Scrive, scrive ancora su quel suo quadernino. Che nervoso.

«Lo amava?»

«Credevo di sì, ma poi mi sono resa conto che non volevo sposarlo e l’ho lasciato.»

«Non ha mai pensato che aveva semplicemente bisogno di più tempo?»

«No, avevo capito che non lo amavo più.»

«Ed ora?»

«Ora cosa?»

«Lo ama ancora?»

Rido.

Scrive. Perché diamine mi sono messa a ridere? Cioè, è una sciocchezza quella che ha detto, io non lo amo più. Io non lo amo più da tanto tempo ormai.

«Bene. Vuole aggiungere qualche altro dettaglio?»

«No... no, nient’altro.»

«Molto bene. Le consiglio di assumere della Valeriana, per dormire meglio. Inizi col fare un piccolo sforzo, è tutta una questione di volontà. Anche se non ne ha voglia, provi ad uscire con qualcuno.»

«Va bene.» Valeriana. Odio utilizzare farmaci.

«Quando ci rivediamo?»

«La settimana prossima?»

«Va benissimo. Martedì prossimo alle 17:00?»

«D’accordo. Senta... Saranno le 17:00 davvero? Non so se avrò altri impegni martedì prossimo, quindi non sono sicura di poter venire alle 17:00 per entrare alle 19:00...»

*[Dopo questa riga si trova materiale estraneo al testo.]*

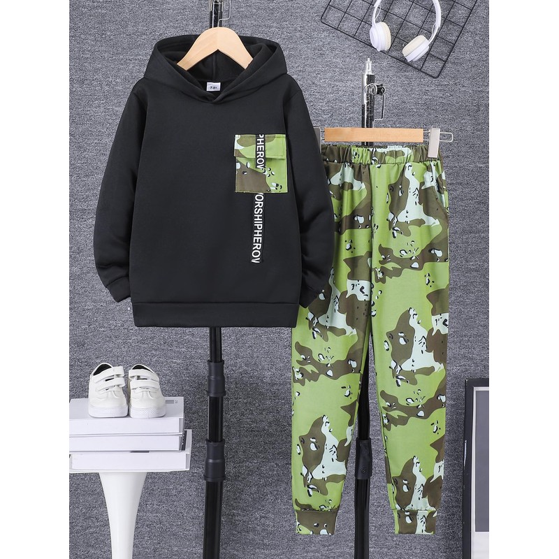 - Design:This boys 2pcs pant sets includes a long sleeve hoodie with a camouflage-print chest pocket and matching a full camouflage design pants . The elastic waistband ensures a comfortable fit, while the hooded pullover adds a stylish streetwear look. Perfect for big kids who love casual fashion outfits.
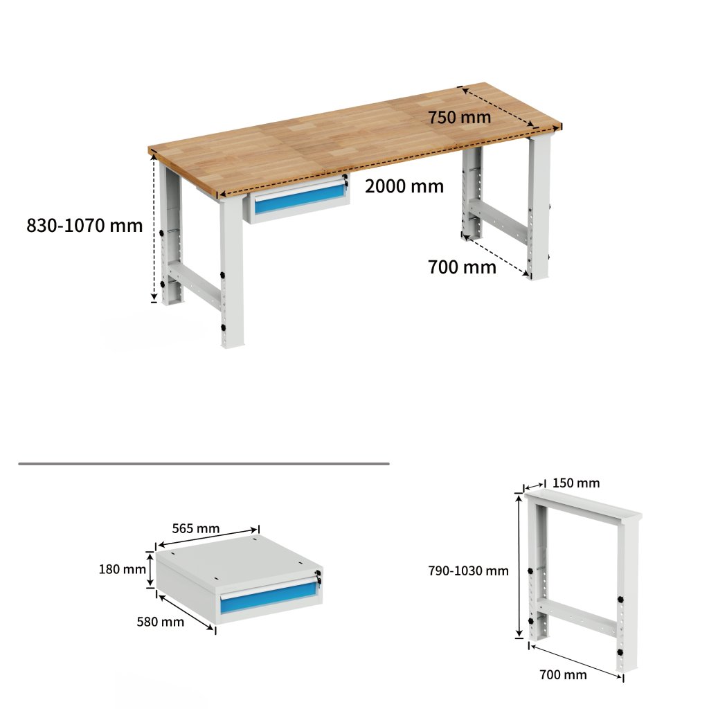 Stół warsztatowy z blatem roboczym 40 mm wodoodpornym bukowym. Wymiary nóg: wysokość 790 - 1030, szerokość 150, głębokość 699 mm. Kontenerek podwieszany z jedną szufladą, wysokość 180, szerokość 565, głębokość 580 mm. Stół ma nośność 500 kg, wysokość 830 - 1070, szerokość 2000, głębokość 750 mm, kolor konstrukcji jasnoszary RAL 7035, kolor szuflady RAL 5012.

«Non si preoccupi, oggi c’era un paziente che aveva bisogno di più tempo, ma non sarà sempre così.»

«Molto bene, arrivederci.»

«Arrivederla.»

Voglio solo andarmene da questo posto, è tardissimo! Via, via, via. Subito a casa. Anzi, mi fermo un attimo in farmacia a prendere della valeriana.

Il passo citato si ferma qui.